▶ [Items from a data source]
= = = = = = =
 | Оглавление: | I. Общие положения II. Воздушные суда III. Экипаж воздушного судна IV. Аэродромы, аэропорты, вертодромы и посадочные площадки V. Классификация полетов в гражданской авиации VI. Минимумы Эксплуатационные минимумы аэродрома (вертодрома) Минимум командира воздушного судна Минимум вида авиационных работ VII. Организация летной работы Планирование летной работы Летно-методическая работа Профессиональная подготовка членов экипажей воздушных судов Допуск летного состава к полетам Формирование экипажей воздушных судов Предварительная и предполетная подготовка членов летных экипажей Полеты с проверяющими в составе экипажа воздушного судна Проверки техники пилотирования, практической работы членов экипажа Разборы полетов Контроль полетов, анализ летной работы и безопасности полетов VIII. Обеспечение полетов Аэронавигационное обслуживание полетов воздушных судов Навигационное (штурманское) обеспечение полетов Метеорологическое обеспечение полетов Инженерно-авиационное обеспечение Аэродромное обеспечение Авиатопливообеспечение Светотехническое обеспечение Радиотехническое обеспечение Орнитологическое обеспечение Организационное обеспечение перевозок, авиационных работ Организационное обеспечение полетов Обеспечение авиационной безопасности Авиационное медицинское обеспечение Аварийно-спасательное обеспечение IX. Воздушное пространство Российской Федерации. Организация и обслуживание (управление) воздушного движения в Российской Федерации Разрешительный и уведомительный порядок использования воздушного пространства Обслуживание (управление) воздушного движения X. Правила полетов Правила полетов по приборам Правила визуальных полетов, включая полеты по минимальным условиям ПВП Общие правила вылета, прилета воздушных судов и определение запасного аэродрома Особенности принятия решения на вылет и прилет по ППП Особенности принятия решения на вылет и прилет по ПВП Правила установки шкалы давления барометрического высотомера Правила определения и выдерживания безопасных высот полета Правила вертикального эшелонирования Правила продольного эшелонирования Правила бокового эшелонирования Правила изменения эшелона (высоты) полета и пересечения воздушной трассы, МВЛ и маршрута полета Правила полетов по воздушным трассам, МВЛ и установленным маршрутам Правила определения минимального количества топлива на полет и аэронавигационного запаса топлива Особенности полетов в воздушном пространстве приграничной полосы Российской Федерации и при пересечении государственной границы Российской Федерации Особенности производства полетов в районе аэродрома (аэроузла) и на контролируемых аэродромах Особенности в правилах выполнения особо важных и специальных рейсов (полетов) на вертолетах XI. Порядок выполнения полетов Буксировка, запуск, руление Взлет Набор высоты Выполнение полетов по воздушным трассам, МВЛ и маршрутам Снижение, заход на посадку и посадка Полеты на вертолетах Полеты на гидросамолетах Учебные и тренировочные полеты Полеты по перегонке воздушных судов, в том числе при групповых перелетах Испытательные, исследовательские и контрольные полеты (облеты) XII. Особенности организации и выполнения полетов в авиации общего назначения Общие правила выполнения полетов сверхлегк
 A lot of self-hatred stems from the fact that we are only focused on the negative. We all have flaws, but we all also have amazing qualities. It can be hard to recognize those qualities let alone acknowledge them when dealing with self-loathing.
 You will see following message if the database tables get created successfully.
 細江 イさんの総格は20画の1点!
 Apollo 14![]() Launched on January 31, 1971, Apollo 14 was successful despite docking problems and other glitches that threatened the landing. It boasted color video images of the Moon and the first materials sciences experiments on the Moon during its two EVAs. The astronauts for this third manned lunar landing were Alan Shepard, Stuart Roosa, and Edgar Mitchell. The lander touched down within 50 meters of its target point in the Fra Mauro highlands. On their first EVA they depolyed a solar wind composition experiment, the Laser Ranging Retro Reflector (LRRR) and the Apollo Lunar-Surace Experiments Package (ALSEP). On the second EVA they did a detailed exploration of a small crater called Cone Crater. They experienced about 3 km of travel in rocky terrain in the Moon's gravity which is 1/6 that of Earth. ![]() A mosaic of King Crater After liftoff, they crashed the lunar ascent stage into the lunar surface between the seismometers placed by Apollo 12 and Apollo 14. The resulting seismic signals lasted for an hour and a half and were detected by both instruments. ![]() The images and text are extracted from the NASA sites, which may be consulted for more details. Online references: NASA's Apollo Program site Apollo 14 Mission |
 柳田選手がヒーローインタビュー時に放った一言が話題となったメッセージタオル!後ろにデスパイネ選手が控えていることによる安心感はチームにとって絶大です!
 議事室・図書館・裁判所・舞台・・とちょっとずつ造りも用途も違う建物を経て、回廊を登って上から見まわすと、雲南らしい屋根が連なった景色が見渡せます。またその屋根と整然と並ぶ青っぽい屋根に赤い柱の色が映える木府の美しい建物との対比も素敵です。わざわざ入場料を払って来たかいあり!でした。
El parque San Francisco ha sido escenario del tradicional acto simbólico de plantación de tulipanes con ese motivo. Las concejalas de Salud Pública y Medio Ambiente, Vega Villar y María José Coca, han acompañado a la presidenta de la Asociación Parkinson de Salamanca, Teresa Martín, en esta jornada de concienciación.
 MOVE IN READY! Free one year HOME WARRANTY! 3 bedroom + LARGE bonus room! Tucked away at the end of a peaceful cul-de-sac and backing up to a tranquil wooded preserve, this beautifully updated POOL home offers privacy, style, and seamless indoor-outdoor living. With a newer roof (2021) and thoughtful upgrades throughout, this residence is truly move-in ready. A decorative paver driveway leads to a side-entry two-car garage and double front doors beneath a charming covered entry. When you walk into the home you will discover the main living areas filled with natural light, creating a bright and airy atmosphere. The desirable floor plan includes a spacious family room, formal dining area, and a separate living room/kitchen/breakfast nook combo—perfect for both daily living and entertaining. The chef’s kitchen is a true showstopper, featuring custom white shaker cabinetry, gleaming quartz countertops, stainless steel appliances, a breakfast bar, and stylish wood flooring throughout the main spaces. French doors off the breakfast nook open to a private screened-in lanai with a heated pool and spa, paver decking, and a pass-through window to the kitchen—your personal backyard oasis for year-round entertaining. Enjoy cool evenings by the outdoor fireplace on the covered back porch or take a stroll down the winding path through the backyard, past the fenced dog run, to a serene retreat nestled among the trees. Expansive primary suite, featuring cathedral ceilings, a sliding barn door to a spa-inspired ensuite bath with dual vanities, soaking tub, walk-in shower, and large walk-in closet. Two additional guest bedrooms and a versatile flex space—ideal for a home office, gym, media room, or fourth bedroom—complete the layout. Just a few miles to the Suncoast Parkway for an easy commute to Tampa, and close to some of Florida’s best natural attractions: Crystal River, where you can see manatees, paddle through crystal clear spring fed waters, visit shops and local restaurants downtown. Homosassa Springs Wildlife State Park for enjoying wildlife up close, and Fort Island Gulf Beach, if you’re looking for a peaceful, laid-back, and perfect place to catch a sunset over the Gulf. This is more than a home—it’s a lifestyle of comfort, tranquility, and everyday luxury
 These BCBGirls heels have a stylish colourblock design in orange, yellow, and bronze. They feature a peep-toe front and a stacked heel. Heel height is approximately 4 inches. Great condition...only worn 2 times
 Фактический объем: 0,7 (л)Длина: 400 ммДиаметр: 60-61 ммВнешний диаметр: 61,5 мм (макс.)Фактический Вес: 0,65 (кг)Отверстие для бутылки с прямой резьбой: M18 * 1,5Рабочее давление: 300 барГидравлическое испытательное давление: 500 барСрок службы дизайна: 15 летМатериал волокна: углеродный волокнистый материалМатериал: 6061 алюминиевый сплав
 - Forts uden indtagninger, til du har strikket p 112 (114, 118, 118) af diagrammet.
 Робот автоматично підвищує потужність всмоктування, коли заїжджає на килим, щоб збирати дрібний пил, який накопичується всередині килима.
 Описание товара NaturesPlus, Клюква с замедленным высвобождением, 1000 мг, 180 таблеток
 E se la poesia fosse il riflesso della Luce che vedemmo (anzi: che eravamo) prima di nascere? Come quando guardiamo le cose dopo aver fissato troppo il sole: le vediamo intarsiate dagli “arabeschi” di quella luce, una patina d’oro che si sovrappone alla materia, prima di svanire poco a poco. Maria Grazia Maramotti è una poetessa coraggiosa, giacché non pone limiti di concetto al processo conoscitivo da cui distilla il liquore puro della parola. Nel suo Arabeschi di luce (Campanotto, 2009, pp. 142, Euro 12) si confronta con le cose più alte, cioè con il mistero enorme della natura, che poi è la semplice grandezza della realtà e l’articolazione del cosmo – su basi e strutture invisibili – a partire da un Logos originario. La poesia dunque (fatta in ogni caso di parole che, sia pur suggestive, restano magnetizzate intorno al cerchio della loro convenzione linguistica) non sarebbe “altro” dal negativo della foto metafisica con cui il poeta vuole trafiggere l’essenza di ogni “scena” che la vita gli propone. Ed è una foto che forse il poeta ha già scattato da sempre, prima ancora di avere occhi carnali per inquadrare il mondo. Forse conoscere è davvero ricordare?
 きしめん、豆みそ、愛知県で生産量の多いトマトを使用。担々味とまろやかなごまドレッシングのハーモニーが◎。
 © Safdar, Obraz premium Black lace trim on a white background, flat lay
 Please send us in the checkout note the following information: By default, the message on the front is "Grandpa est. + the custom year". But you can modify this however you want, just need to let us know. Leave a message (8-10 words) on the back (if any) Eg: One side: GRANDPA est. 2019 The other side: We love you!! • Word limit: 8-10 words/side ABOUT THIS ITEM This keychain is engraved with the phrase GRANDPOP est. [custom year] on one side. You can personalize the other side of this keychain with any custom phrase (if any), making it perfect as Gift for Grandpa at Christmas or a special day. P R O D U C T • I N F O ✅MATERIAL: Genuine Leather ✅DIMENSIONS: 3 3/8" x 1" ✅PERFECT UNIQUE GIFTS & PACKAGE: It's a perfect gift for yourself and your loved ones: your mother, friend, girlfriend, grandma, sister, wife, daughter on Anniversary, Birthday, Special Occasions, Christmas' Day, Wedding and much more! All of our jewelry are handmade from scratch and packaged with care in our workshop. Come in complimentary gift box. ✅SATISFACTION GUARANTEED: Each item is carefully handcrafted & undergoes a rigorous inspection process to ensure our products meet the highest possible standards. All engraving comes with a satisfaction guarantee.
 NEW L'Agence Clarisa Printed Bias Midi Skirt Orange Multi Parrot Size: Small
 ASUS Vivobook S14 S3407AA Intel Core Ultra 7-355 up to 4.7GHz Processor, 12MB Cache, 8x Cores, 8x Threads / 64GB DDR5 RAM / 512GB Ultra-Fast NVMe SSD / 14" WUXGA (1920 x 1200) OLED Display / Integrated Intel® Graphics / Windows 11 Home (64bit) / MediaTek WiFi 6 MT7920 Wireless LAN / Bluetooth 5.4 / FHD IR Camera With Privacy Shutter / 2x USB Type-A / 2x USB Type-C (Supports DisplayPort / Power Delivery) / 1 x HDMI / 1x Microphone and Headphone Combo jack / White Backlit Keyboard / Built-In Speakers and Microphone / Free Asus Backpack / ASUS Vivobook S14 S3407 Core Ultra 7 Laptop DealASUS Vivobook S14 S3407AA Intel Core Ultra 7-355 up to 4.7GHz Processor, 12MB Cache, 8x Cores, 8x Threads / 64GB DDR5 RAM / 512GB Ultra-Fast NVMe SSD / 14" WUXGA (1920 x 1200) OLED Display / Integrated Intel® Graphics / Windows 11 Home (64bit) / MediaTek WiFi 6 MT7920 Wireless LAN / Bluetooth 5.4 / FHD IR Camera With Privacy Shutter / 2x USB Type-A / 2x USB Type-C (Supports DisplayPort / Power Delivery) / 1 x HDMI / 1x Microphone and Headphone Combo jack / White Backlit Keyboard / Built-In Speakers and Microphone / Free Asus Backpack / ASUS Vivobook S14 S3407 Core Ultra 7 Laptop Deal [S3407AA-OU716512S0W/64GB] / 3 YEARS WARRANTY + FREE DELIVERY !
= = = = = = =
▶ [WHAT THE EXERCISE ASKS] From the data above, return every line from the line that has "E se la poesia" up to and including the line that has "background, flat lay", exactly.

▶ [FINISHED TASK]
 E se la poesia fosse il riflesso della Luce che vedemmo (anzi: che eravamo) prima di nascere? Come quando guardiamo le cose dopo aver fissato troppo il sole: le vediamo intarsiate dagli “arabeschi” di quella luce, una patina d’oro che si sovrappone alla materia, prima di svanire poco a poco. Maria Grazia Maramotti è una poetessa coraggiosa, giacché non pone limiti di concetto al processo conoscitivo da cui distilla il liquore puro della parola. Nel suo Arabeschi di luce (Campanotto, 2009, pp. 142, Euro 12) si confronta con le cose più alte, cioè con il mistero enorme della natura, che poi è la semplice grandezza della realtà e l’articolazione del cosmo – su basi e strutture invisibili – a partire da un Logos originario. La poesia dunque (fatta in ogni caso di parole che, sia pur suggestive, restano magnetizzate intorno al cerchio della loro convenzione linguistica) non sarebbe “altro” dal negativo della foto metafisica con cui il poeta vuole trafiggere l’essenza di ogni “scena” che la vita gli propone. Ed è una foto che forse il poeta ha già scattato da sempre, prima ancora di avere occhi carnali per inquadrare il mondo. Forse conoscere è davvero ricordare?
 きしめん、豆みそ、愛知県で生産量の多いトマトを使用。担々味とまろやかなごまドレッシングのハーモニーが◎。
 © Safdar, Obraz premium Black lace trim on a white background, flat lay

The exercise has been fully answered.